5.10 This test method does not address the liquid penetration of full protective clothing or ensembles. Use Test Method F1359 to provide a complete evaluation of the liquid integrity of protective clothing or ensembles, particularly areas of the clothing or ensembles that cannot be directly assessed by this test method, such as interface areas between different items of clothing and equipment.
1.1 This test method is used to test specimens of protective clothing materials, assemblies such as seams and closures, or interfaces used in the construction of protective clothing. The resistance to visible penetration of the test liquid is determined with the liquid in continuous contact with the normally outside (exterior) surface of the test specimen.
1.2 This test method includes different procedures for maintaining the liquid in contact with the test specimen in terms of the length of exposure and the pressure applied. Suggestions are provided for how to select an appropriate procedure for liquid contact.
1.3 In some cases, significant amounts of hazardous materials will permeate specimens that pass the penetration tests. For more sensitive analyses, use either Test Method F739 or F1383 to determine permeation.
1.4 This test method does not address penetration of vapors through protective clothing materials.
1.5 This test method is not applicable to non-planar protective clothing materials, interfaces, or assemblies such as the fingertips or crotch areas of gloves, which are possible failure points.

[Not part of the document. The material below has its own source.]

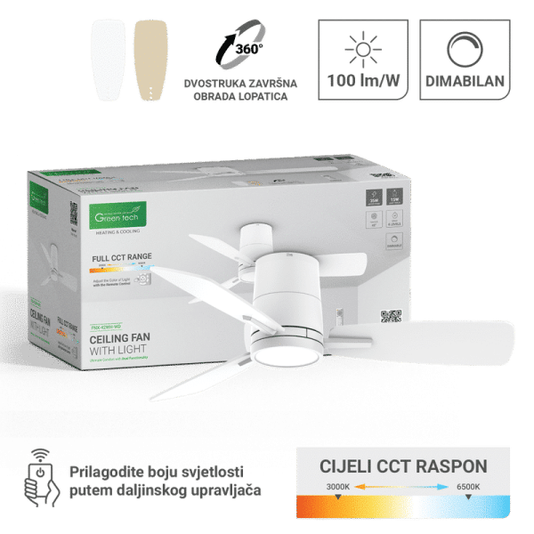 Stropni ventilator sa rasvjetom Green Tech, 42″ 15W 3CCT, Bijelo ili Drvo

1.6 This test method does not address the liquid penetration resistance of full protective clothing items or ensembles. Use Test Method F1359 for this purpose.
1.7 The values as stated in inch-pound units are to be regarded as the standard. The values in parentheses are for information only.
1.8 This standard does not purport to address all of the safety concerns, if any, associated with its use. It is the responsibility of the user of this standard to establish appropriate safety, health, and environmental practices and determine the applicability of regulatory limitations prior to use. Specific hazards are given in Section 7.
1.9 This international standard was developed in accordance with internationally recognized principles on standardization established in the Decision on Principles for the Development of International Standards, Guides and Recommendations issued by the World Trade Organization Technical Barriers to Trade (TBT) Committee.